**Records for this exercise**
------------------------------------------------
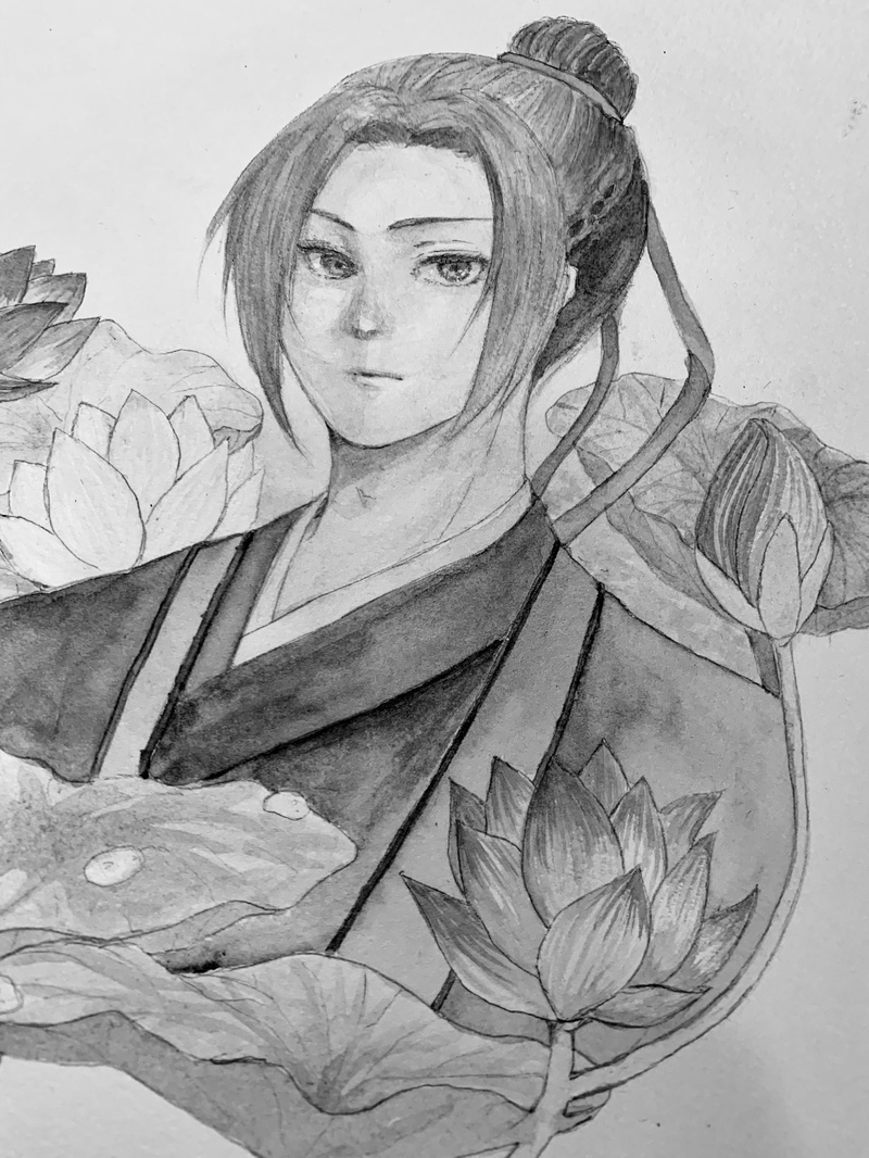 ほよよ……ひとまず水彩はこんなものかしら……。あとは取り込んで作業かな……。髪の毛もうひと塗りしたいかもだが。
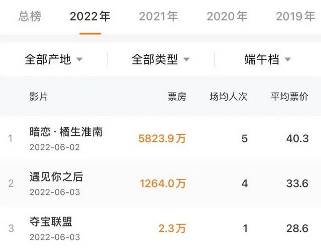 具体而言,档期票房冠军为端午档新片《暗恋·橘生淮南》,共收4825万票房,与亚军《坏蛋联盟》的4190万差距很小,且后者还是已经上映了一个月的老片。而相比五一档同一类型的《我是真的讨厌异地恋》,《暗恋·橘生淮南》在有IP优势和营业影院数量更多的前提下,档期内平均单日票房却反倒更低。
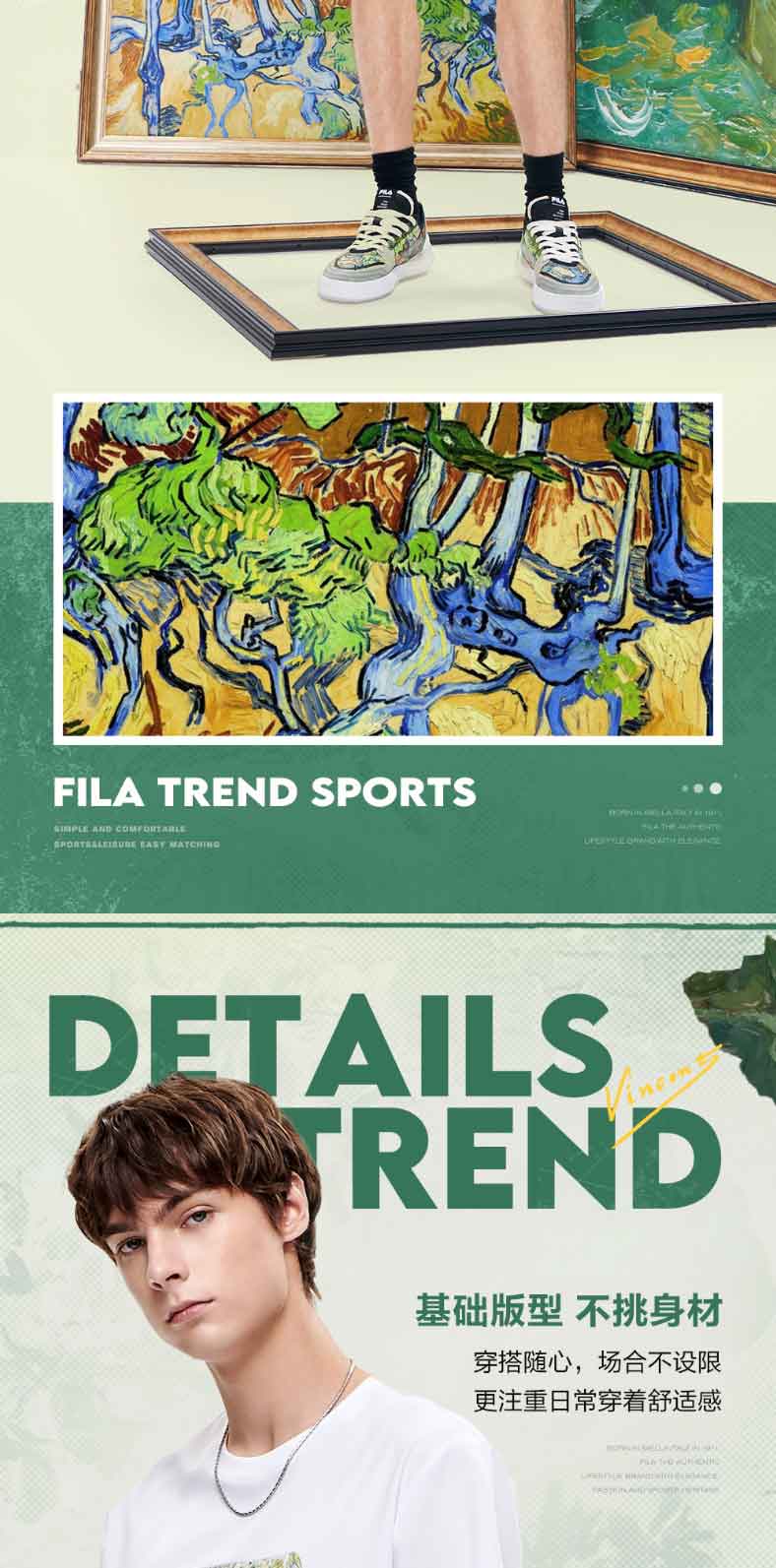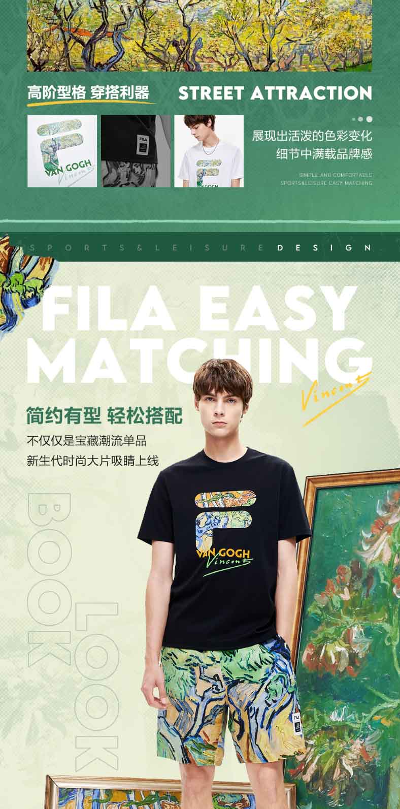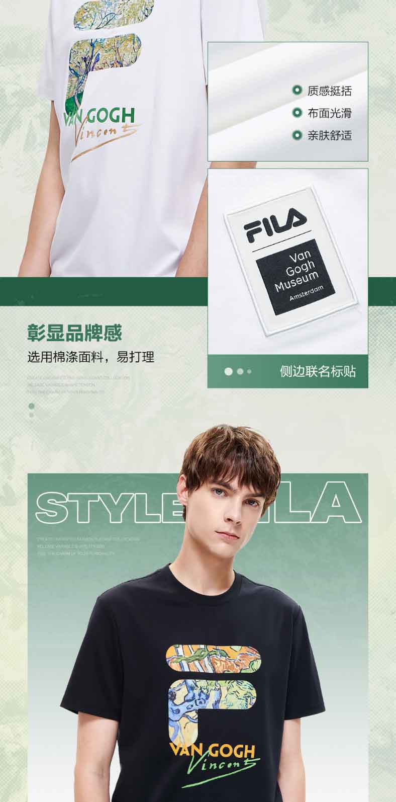 FILA x 梵高博物馆 斐乐联名男士短袖T恤2022年夏季新款运动T恤F11M228111F
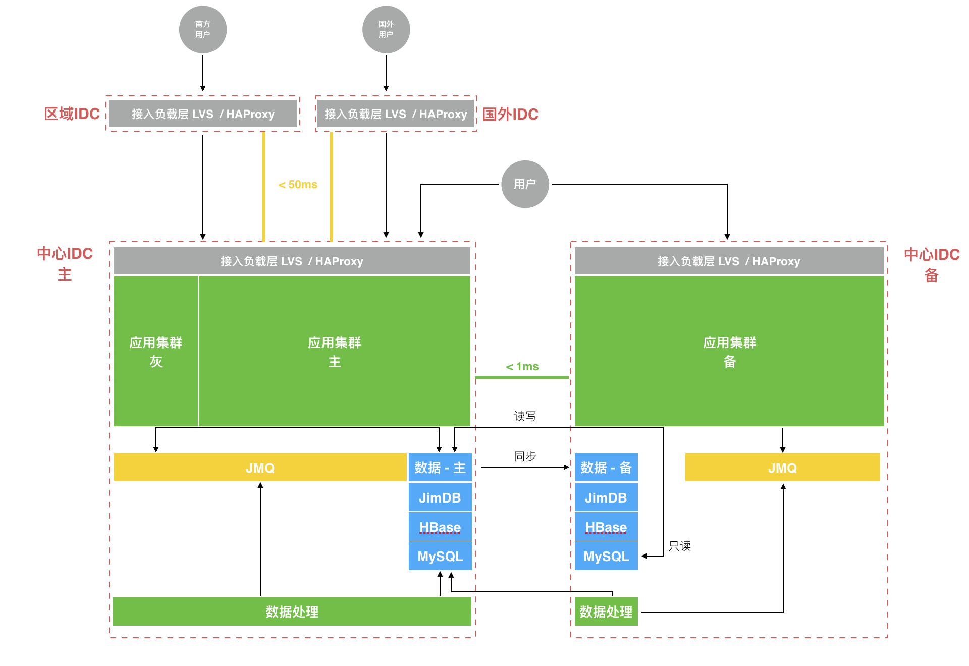 部署视图本身也可以从不同的视角来画,这取决于你想强调什么元素。上面这张示例图,强调的是应用部署的 IDC 及其之间的网络关系,和一些关键的网络通讯延时指标。因为这些内容可能影响系统的架构设计和开发实现方式。
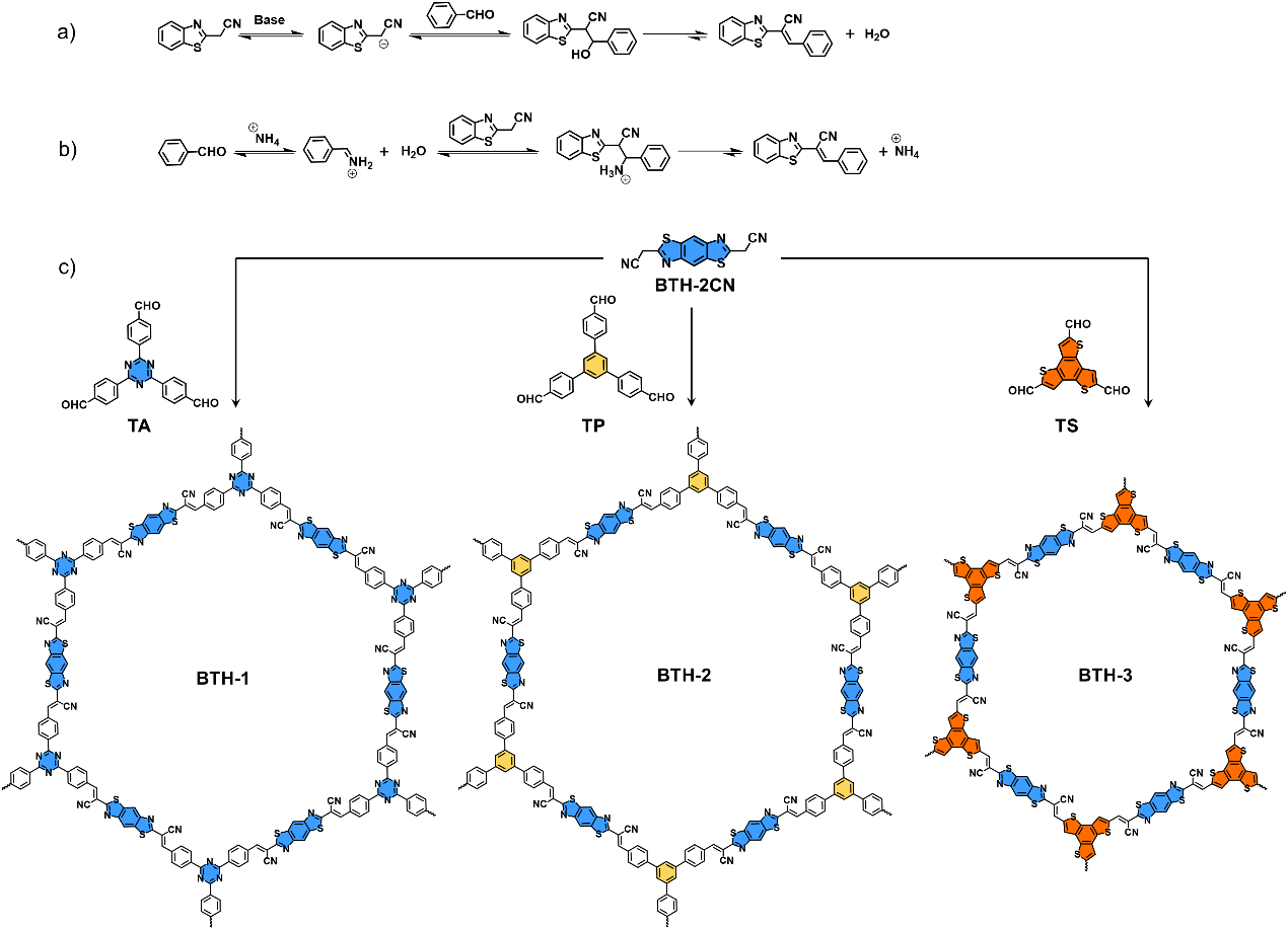 近日,王元成博士基于Knoevenagel反应报道了一种新的制备碳碳双键连接的共轭COFs的策略。在该研究中碳碳双键和缺电子的苯并二噻唑结构被首次整合到了p共轭COFs中,并且通过给体单元的改变实现了p共轭COFs材料中强的D-A作用的有序引入。进一步,他们研究了材料的光催化裂解水制氢性能,发现强D-A作用的引入大大加强了催化性能,产氢速率达到15.1 mmol h−1g−1。
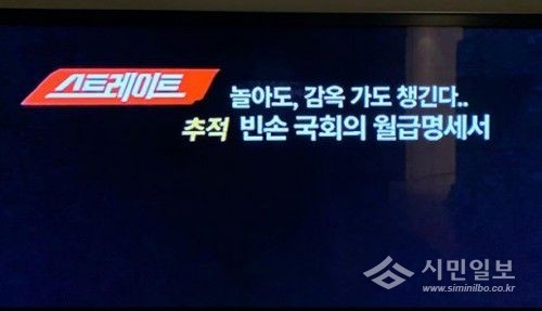 사진 속에는 '놀아도, 감옥 가도 챙긴다 빈손 국회의 월급명세서'라는 고발 내용이 담겨있다.
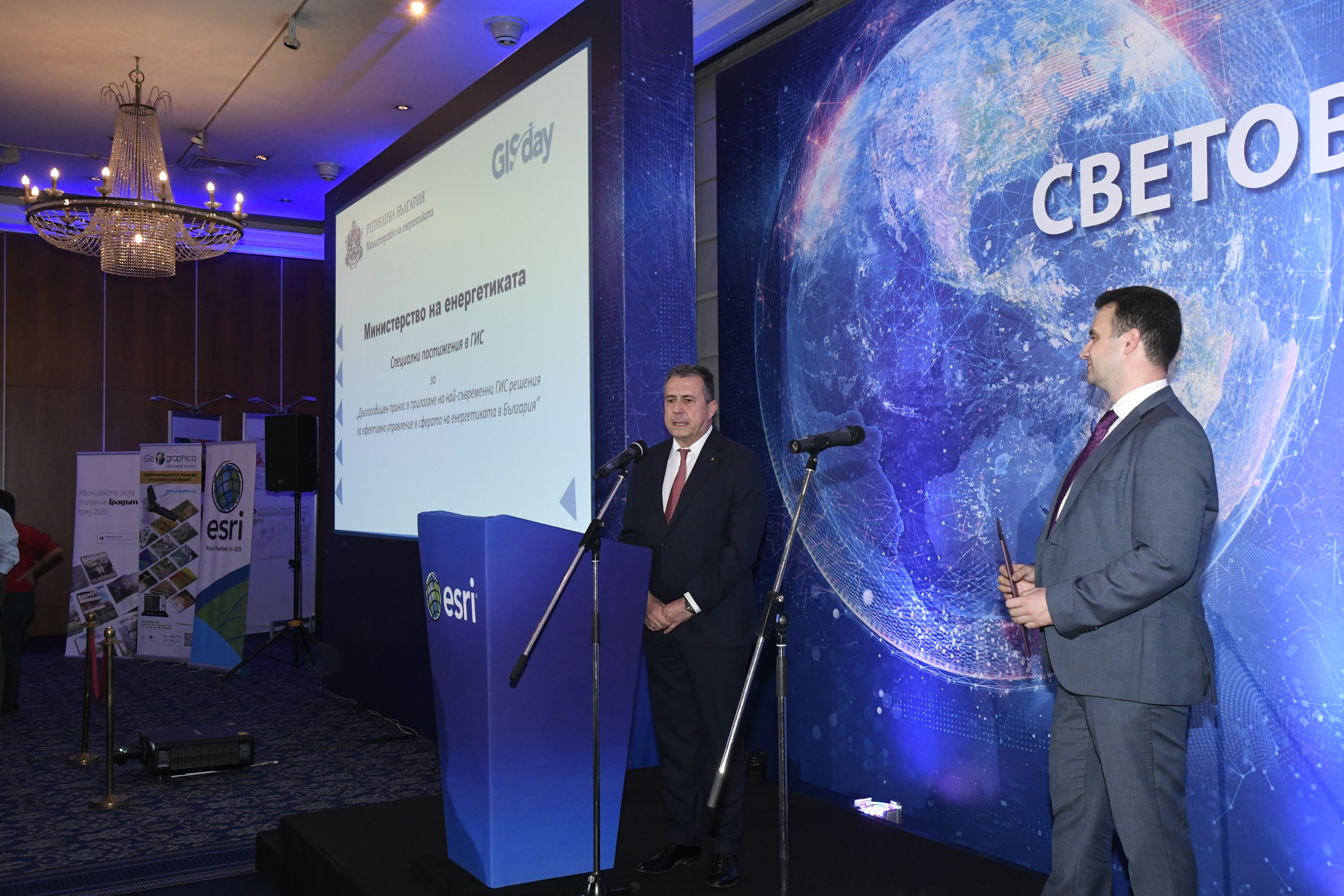 Заместник-министърът на регионалното развитие и благоустройството Валентин Йовев връчи награда за „Дългогодишен принос в използване на най-съвременни ГИС решения за ефективно управление в сферата на енергетиката в България“. Призът получи Министерството на енергетиката, в категория „Държавна администрация“, на церемония, организирана от ЕСРИ България.
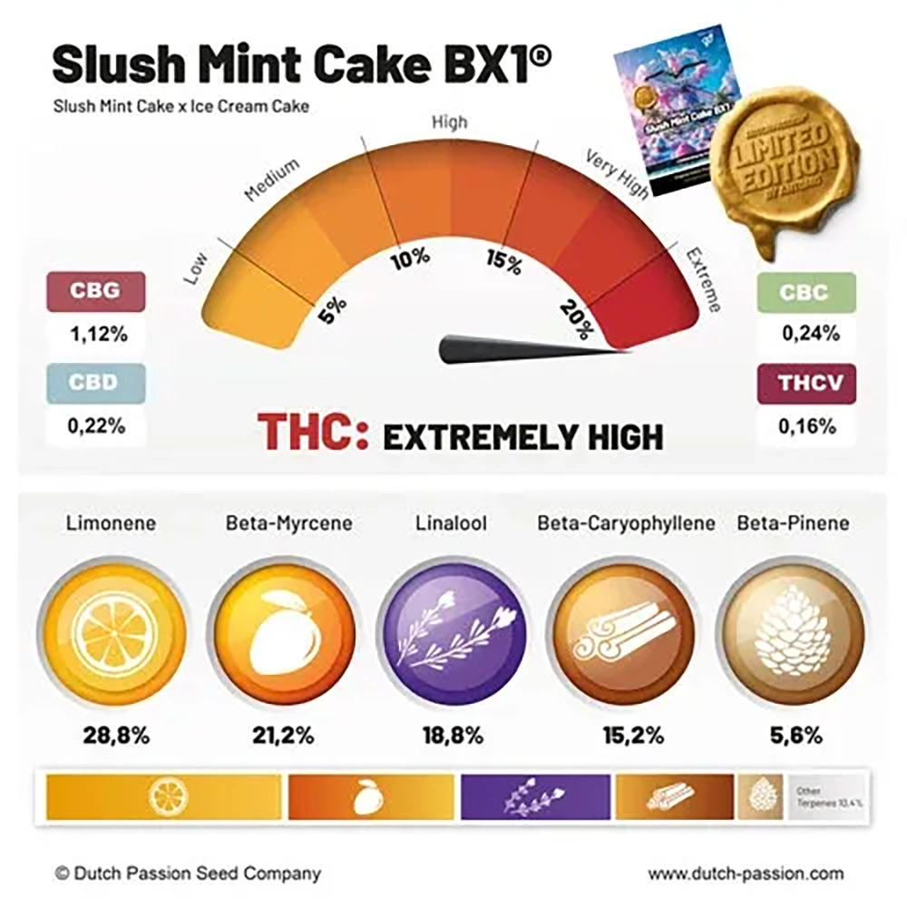 Slush Mint Cake BX1® Regular ist eine limitierte Züchter-Edition von Dutch Passion x Antonio – eine Indica-dominante Hybride mit bis zu 28% THC, steinharten trichombedeckten Blüten und einem preisgekrönten Geschmacksprofil aus süßen Fruchtbonbons, Benzin und cremigem Eis. Für erfahrene Züchter und Connaisseure.
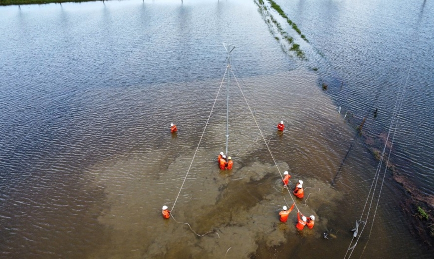 Nhân viên điện lực miền Bắc dầm mình dưới nước dựng cột, kéo dây khắc phục sự cố lưới điện. Ảnh: PHƯƠNG ANH |
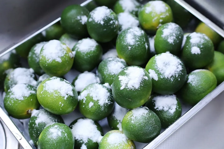 [재료]: 청귤, 베이킹소다, 식초, 설탕
------------------------------------------------
Write out the records once more, word for word, though without the pictures they contain.

 ほよよ……ひとまず水彩はこんなものかしら……。あとは取り込んで作業かな……。髪の毛もうひと塗りしたいかもだが。
 具体而言,档期票房冠军为端午档新片《暗恋·橘生淮南》,共收4825万票房,与亚军《坏蛋联盟》的4190万差距很小,且后者还是已经上映了一个月的老片。而相比五一档同一类型的《我是真的讨厌异地恋》,《暗恋·橘生淮南》在有IP优势和营业影院数量更多的前提下,档期内平均单日票房却反倒更低。
 FILA x 梵高博物馆 斐乐联名男士短袖T恤2022年夏季新款运动T恤F11M228111F
 部署视图本身也可以从不同的视角来画,这取决于你想强调什么元素。上面这张示例图,强调的是应用部署的 IDC 及其之间的网络关系,和一些关键的网络通讯延时指标。因为这些内容可能影响系统的架构设计和开发实现方式。
 近日,王元成博士基于Knoevenagel反应报道了一种新的制备碳碳双键连接的共轭COFs的策略。在该研究中碳碳双键和缺电子的苯并二噻唑结构被首次整合到了p共轭COFs中,并且通过给体单元的改变实现了p共轭COFs材料中强的D-A作用的有序引入。进一步,他们研究了材料的光催化裂解水制氢性能,发现强D-A作用的引入大大加强了催化性能,产氢速率达到15.1 mmol h−1g−1。
 사진 속에는 '놀아도, 감옥 가도 챙긴다 빈손 국회의 월급명세서'라는 고발 내용이 담겨있다.
 Заместник-министърът на регионалното развитие и благоустройството Валентин Йовев връчи награда за „Дългогодишен принос в използване на най-съвременни ГИС решения за ефективно управление в сферата на енергетиката в България“. Призът получи Министерството на енергетиката, в категория „Държавна администрация“, на церемония, организирана от ЕСРИ България.
 Slush Mint Cake BX1® Regular ist eine limitierte Züchter-Edition von Dutch Passion x Antonio – eine Indica-dominante Hybride mit bis zu 28% THC, steinharten trichombedeckten Blüten und einem preisgekrönten Geschmacksprofil aus süßen Fruchtbonbons, Benzin und cremigem Eis. Für erfahrene Züchter und Connaisseure.
 Nhân viên điện lực miền Bắc dầm mình dưới nước dựng cột, kéo dây khắc phục sự cố lưới điện. Ảnh: PHƯƠNG ANH |
 [재료]: 청귤, 베이킹소다, 식초, 설탕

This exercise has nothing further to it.